### Your objective
This task calls for the lines below starting at the one containing "インドから仕入れた、ブリキ製の壺(小)です。" and ending at the one containing "- Open het zorgtraject", repeated exactly with both ends kept and pictures left out.

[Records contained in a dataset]
━━━━━━━━━━

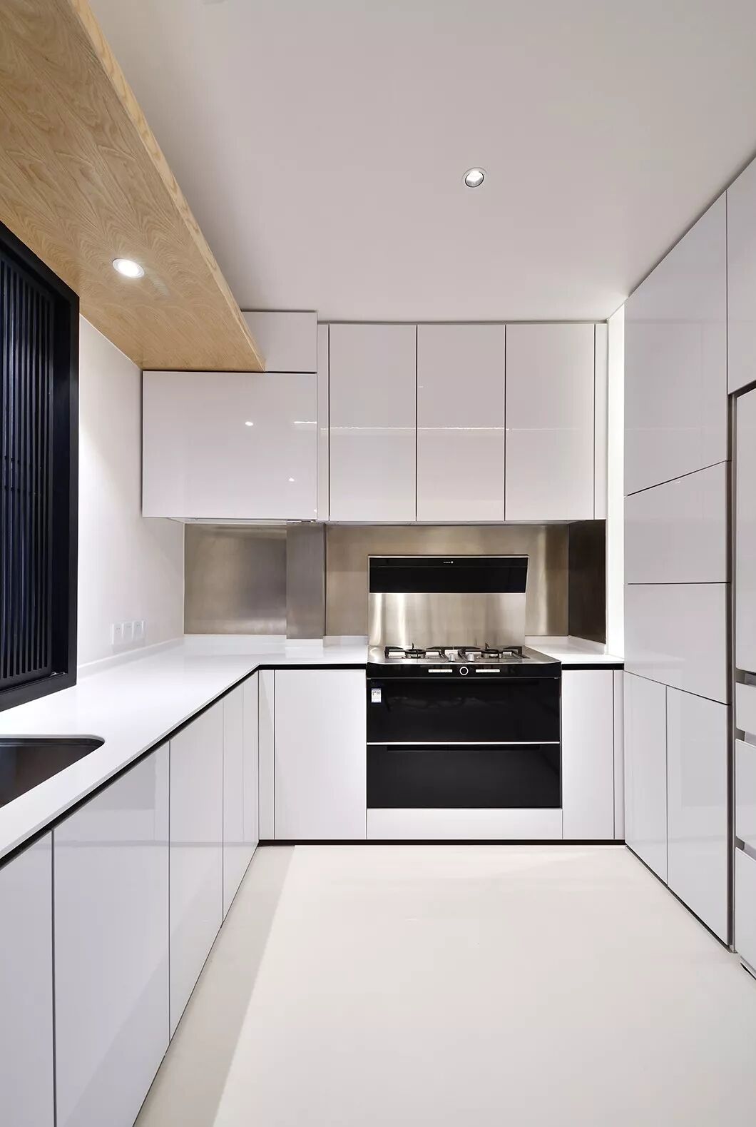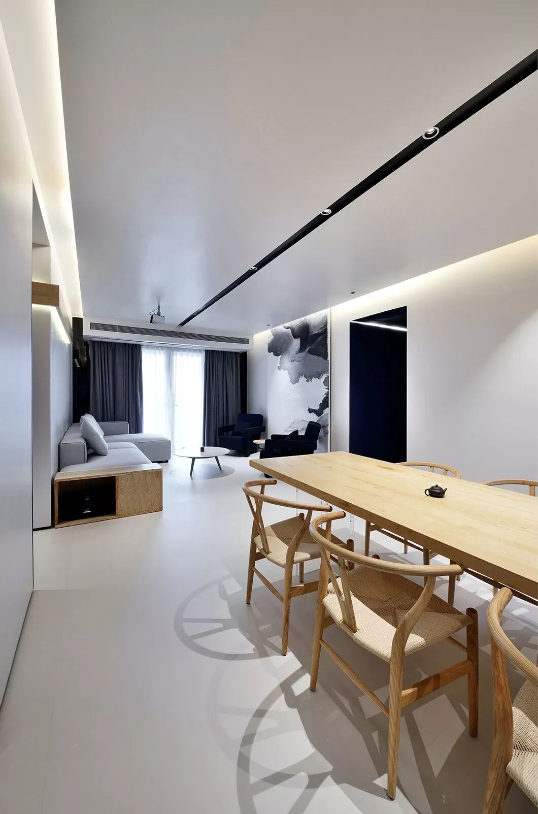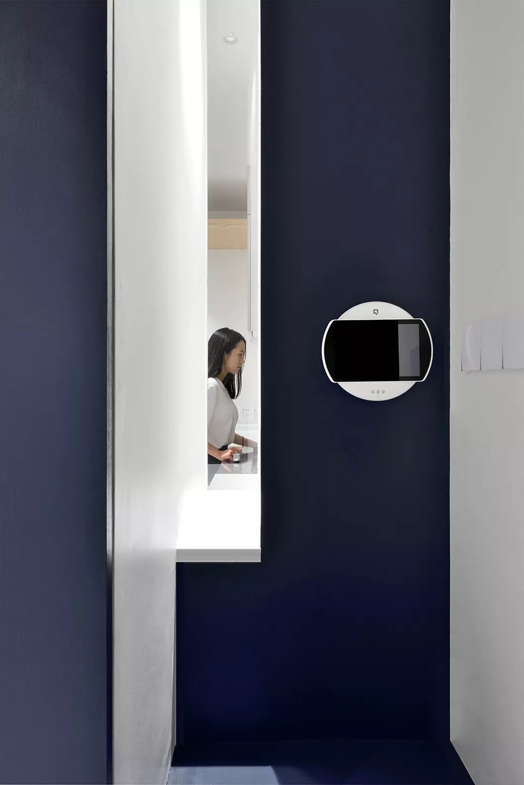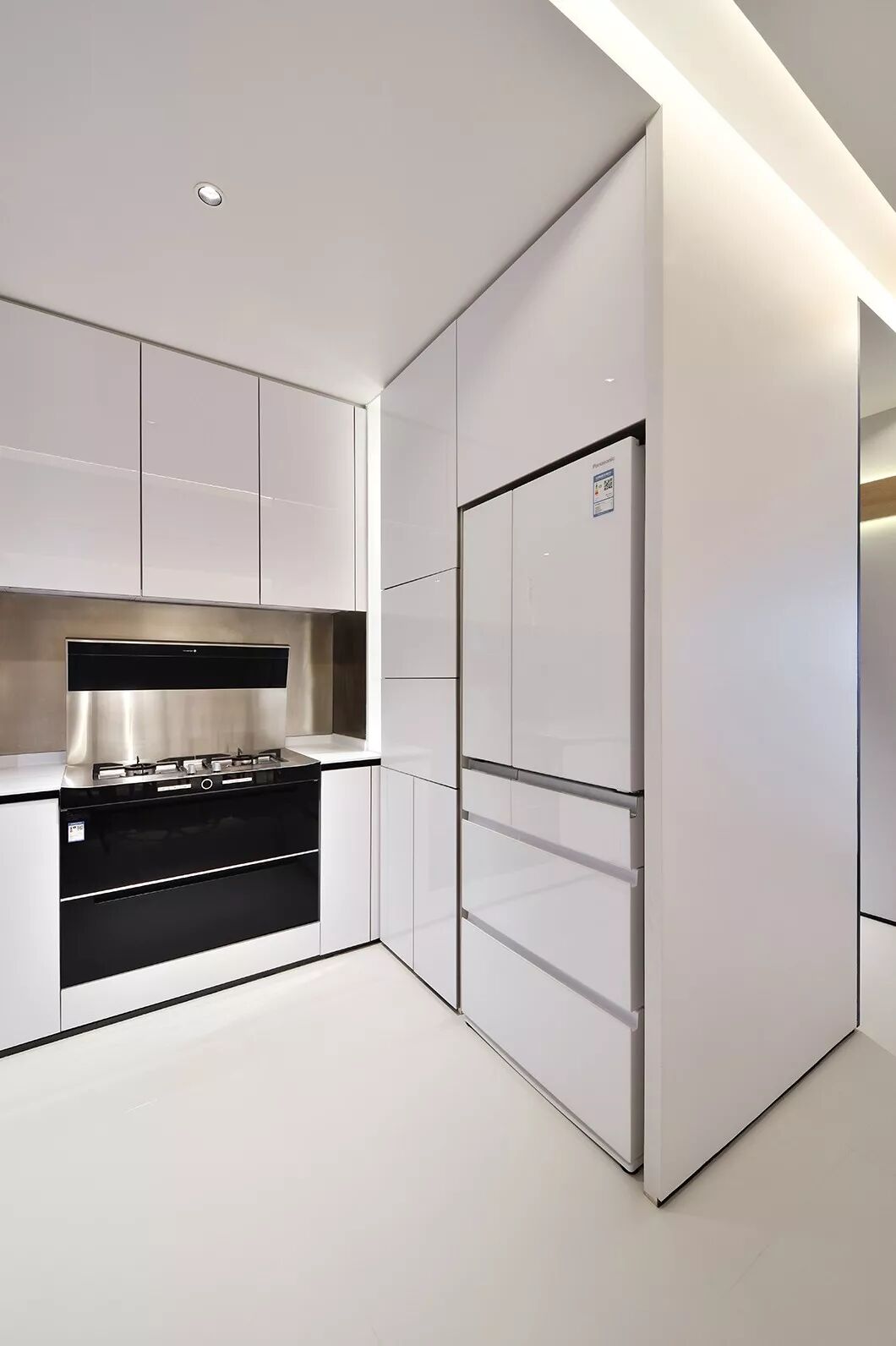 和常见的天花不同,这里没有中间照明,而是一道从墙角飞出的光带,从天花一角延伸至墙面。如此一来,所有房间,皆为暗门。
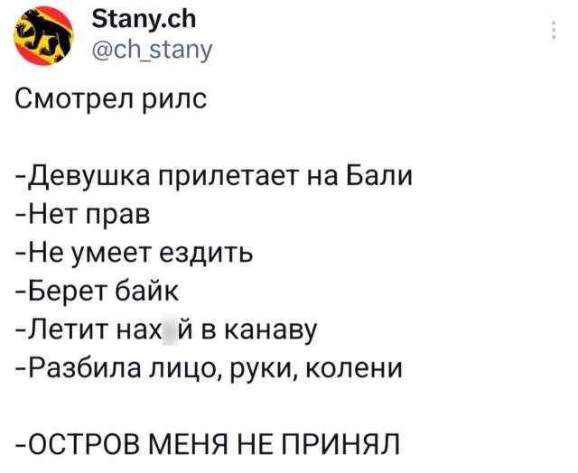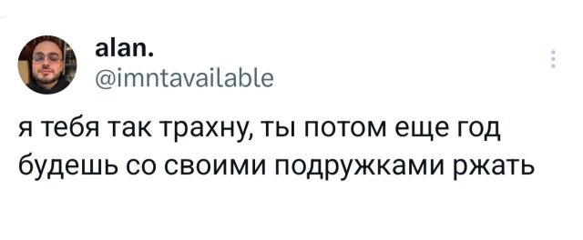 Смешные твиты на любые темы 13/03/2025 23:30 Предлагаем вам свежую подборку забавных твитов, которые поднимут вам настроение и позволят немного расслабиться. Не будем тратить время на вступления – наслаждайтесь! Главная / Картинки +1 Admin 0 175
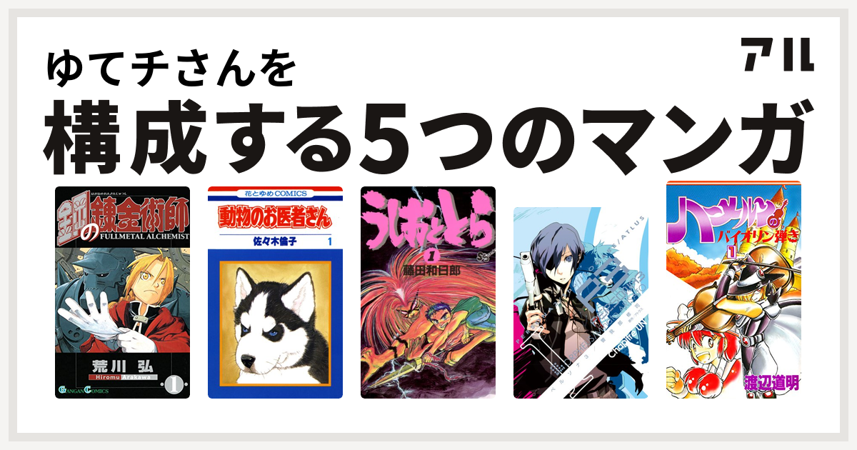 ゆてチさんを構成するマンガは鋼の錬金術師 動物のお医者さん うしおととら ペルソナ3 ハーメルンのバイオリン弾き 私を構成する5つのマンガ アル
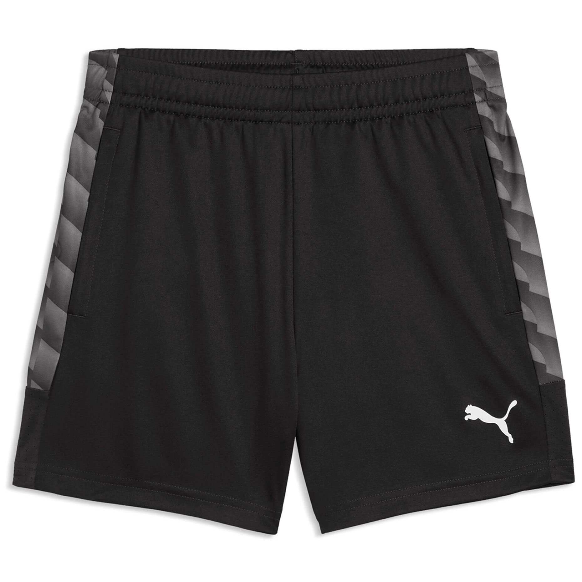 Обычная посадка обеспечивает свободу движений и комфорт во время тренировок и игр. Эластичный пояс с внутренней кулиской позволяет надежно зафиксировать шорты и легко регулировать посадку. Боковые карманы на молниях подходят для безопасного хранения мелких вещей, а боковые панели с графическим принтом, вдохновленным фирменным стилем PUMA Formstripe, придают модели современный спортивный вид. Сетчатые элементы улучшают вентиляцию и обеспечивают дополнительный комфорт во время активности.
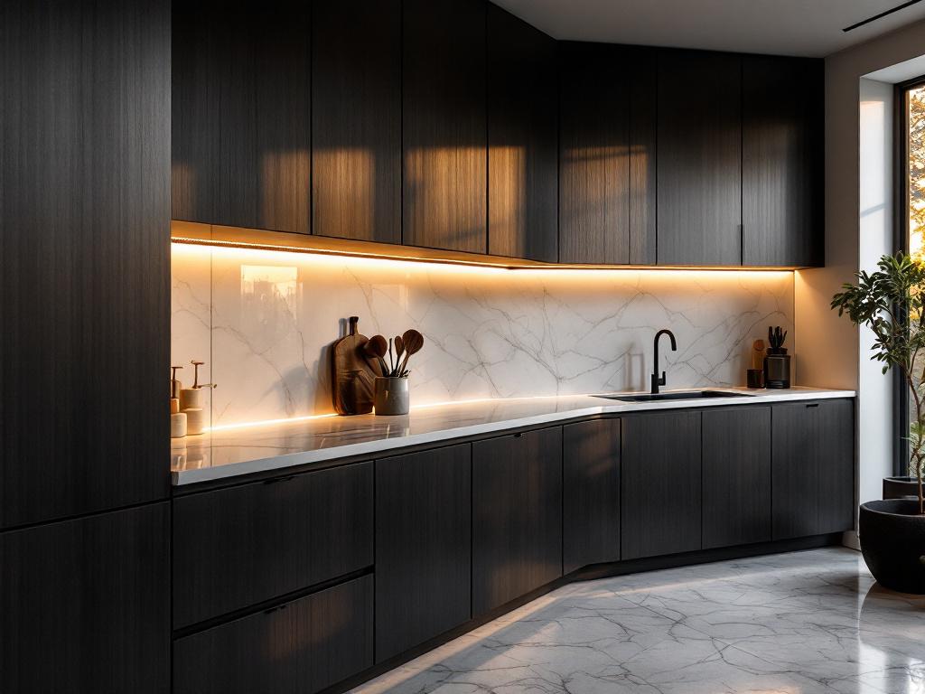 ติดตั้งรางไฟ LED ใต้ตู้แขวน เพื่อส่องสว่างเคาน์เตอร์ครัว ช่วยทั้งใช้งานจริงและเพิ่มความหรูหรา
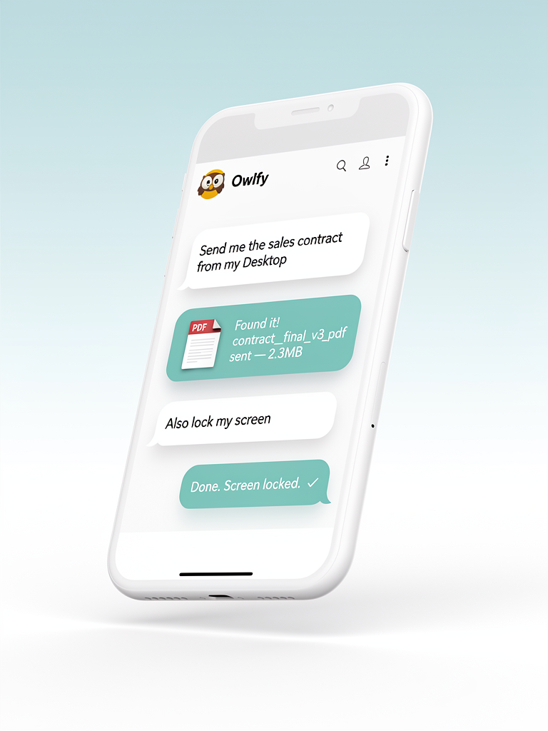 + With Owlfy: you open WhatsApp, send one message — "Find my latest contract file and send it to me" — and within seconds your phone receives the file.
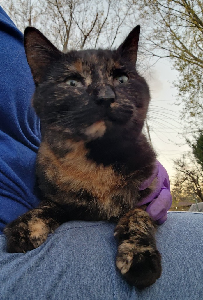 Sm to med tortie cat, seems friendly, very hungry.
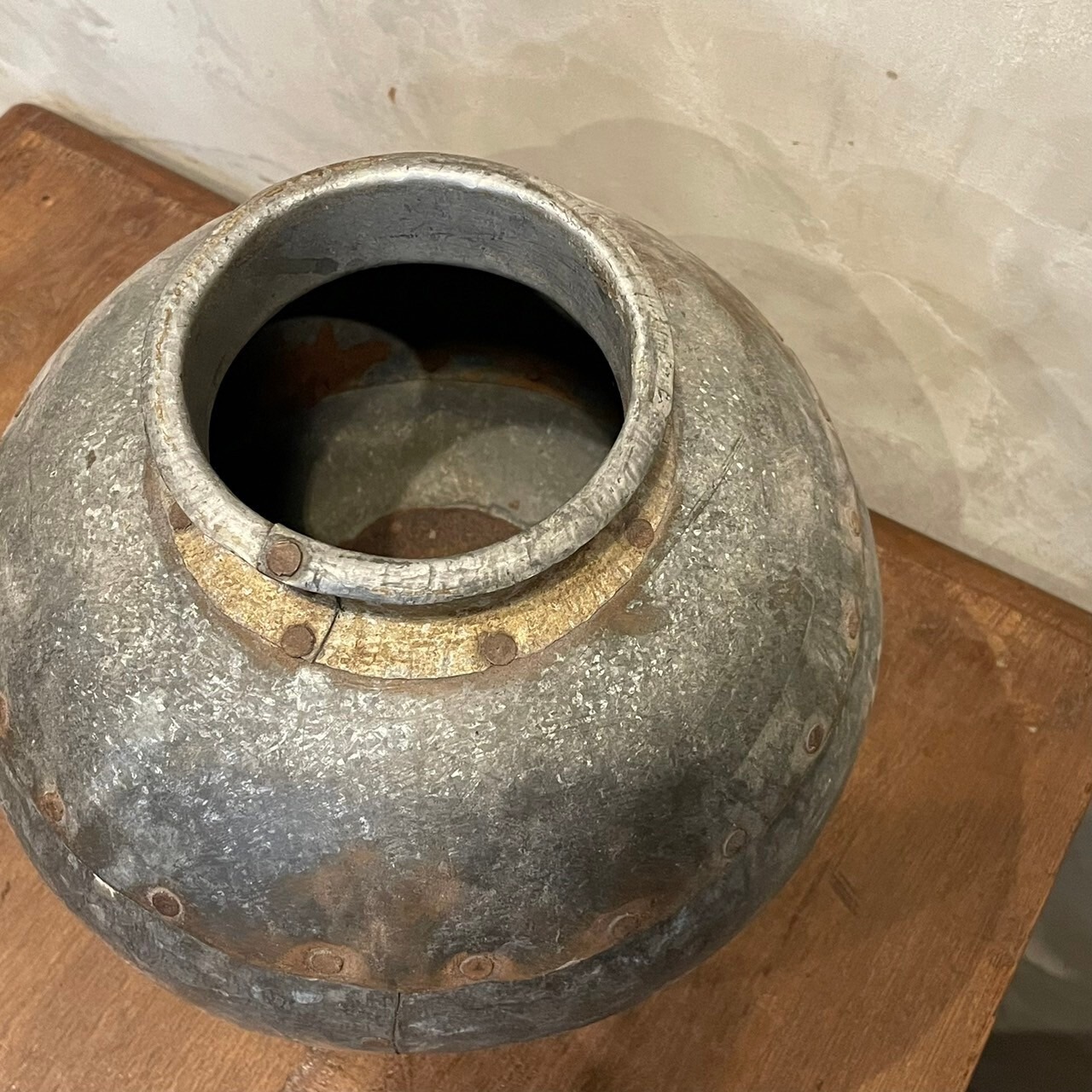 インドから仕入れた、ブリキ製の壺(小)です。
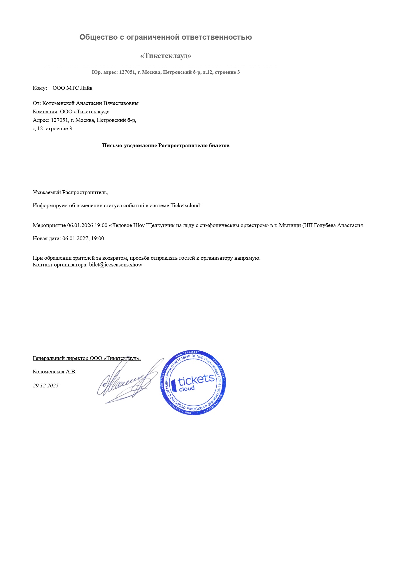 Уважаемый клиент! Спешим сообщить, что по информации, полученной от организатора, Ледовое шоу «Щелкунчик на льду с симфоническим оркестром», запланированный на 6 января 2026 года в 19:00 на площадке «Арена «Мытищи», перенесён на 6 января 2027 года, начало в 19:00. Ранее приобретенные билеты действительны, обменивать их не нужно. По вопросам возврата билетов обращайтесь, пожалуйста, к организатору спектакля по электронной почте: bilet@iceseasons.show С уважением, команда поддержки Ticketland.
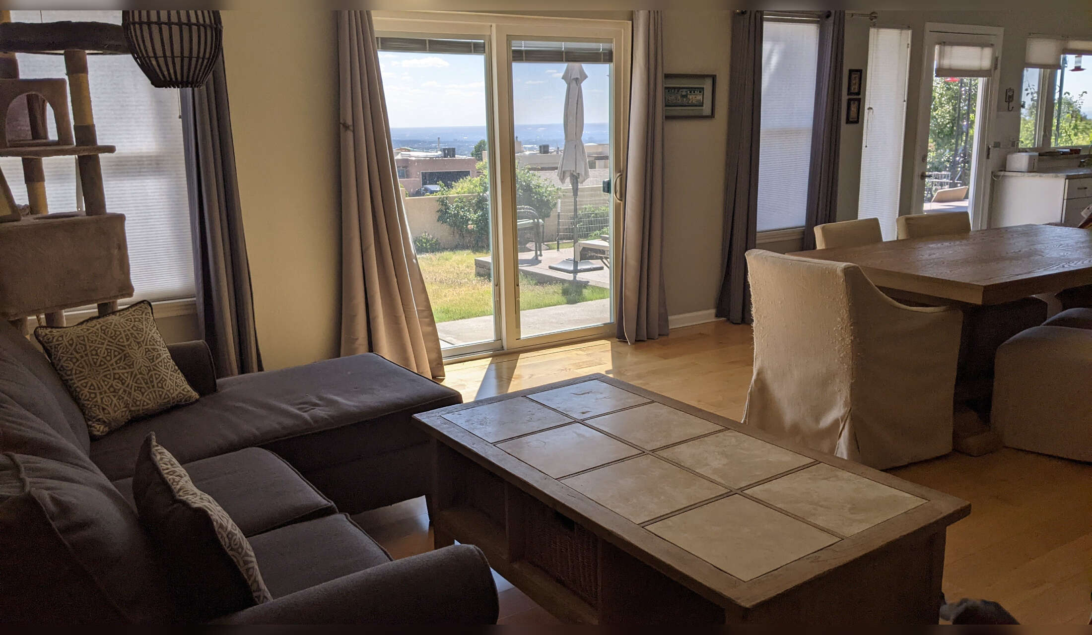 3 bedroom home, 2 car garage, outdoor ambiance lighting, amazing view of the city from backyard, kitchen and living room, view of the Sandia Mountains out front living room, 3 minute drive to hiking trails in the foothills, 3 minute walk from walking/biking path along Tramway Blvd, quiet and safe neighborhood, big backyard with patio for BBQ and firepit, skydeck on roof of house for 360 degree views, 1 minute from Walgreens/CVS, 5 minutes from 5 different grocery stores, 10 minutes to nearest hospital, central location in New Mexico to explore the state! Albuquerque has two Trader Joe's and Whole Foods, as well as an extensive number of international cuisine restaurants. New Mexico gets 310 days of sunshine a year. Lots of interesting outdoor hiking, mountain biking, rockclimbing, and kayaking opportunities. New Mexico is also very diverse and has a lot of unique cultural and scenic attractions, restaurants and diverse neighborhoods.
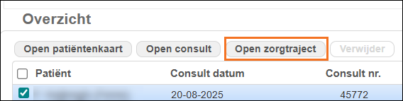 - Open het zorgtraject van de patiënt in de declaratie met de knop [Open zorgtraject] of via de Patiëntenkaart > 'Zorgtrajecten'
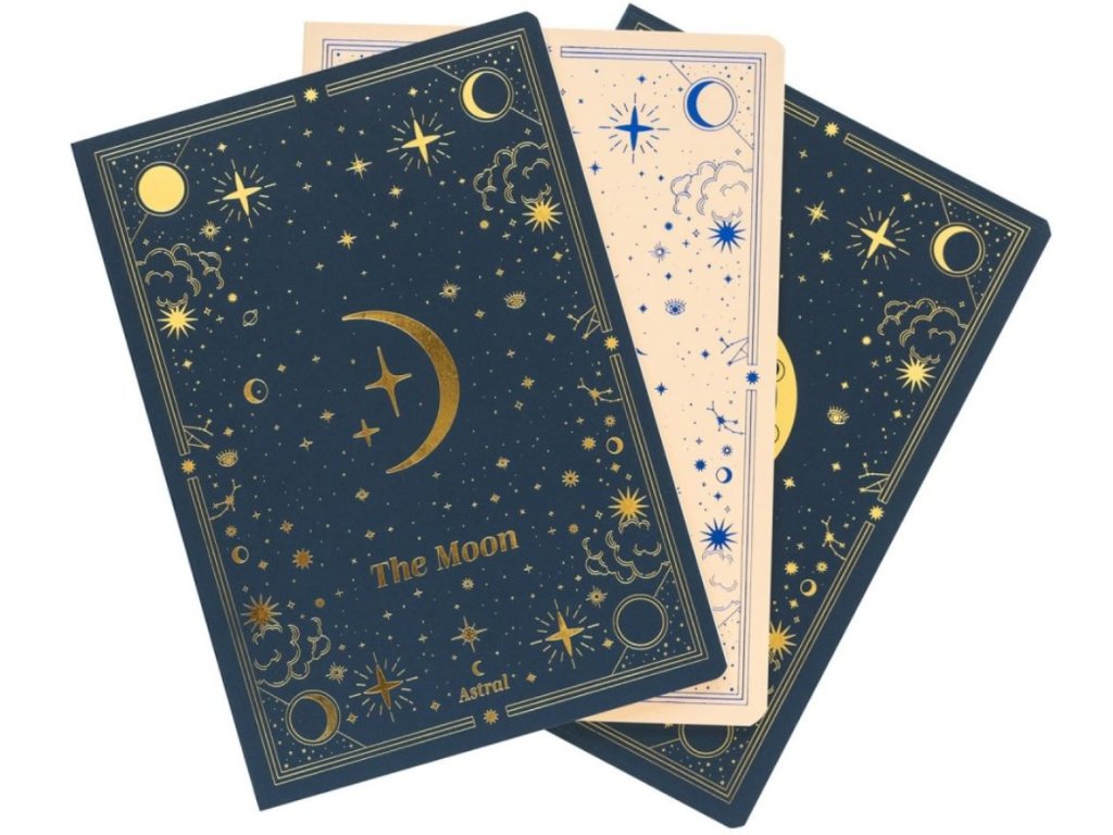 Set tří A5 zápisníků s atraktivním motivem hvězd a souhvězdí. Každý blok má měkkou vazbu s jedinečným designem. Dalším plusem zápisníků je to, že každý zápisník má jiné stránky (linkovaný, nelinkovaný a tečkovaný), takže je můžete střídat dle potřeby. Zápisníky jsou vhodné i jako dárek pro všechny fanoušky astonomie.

━━━━━━━━━━

### Written reply
 インドから仕入れた、ブリキ製の壺(小)です。
 Уважаемый клиент! Спешим сообщить, что по информации, полученной от организатора, Ледовое шоу «Щелкунчик на льду с симфоническим оркестром», запланированный на 6 января 2026 года в 19:00 на площадке «Арена «Мытищи», перенесён на 6 января 2027 года, начало в 19:00. Ранее приобретенные билеты действительны, обменивать их не нужно. По вопросам возврата билетов обращайтесь, пожалуйста, к организатору спектакля по электронной почте: bilet@iceseasons.show С уважением, команда поддержки Ticketland.
 3 bedroom home, 2 car garage, outdoor ambiance lighting, amazing view of the city from backyard, kitchen and living room, view of the Sandia Mountains out front living room, 3 minute drive to hiking trails in the foothills, 3 minute walk from walking/biking path along Tramway Blvd, quiet and safe neighborhood, big backyard with patio for BBQ and firepit, skydeck on roof of house for 360 degree views, 1 minute from Walgreens/CVS, 5 minutes from 5 different grocery stores, 10 minutes to nearest hospital, central location in New Mexico to explore the state! Albuquerque has two Trader Joe's and Whole Foods, as well as an extensive number of international cuisine restaurants. New Mexico gets 310 days of sunshine a year. Lots of interesting outdoor hiking, mountain biking, rockclimbing, and kayaking opportunities. New Mexico is also very diverse and has a lot of unique cultural and scenic attractions, restaurants and diverse neighborhoods.
 - Open het zorgtraject van de patiënt in de declaratie met de knop [Open zorgtraject] of via de Patiëntenkaart > 'Zorgtrajecten'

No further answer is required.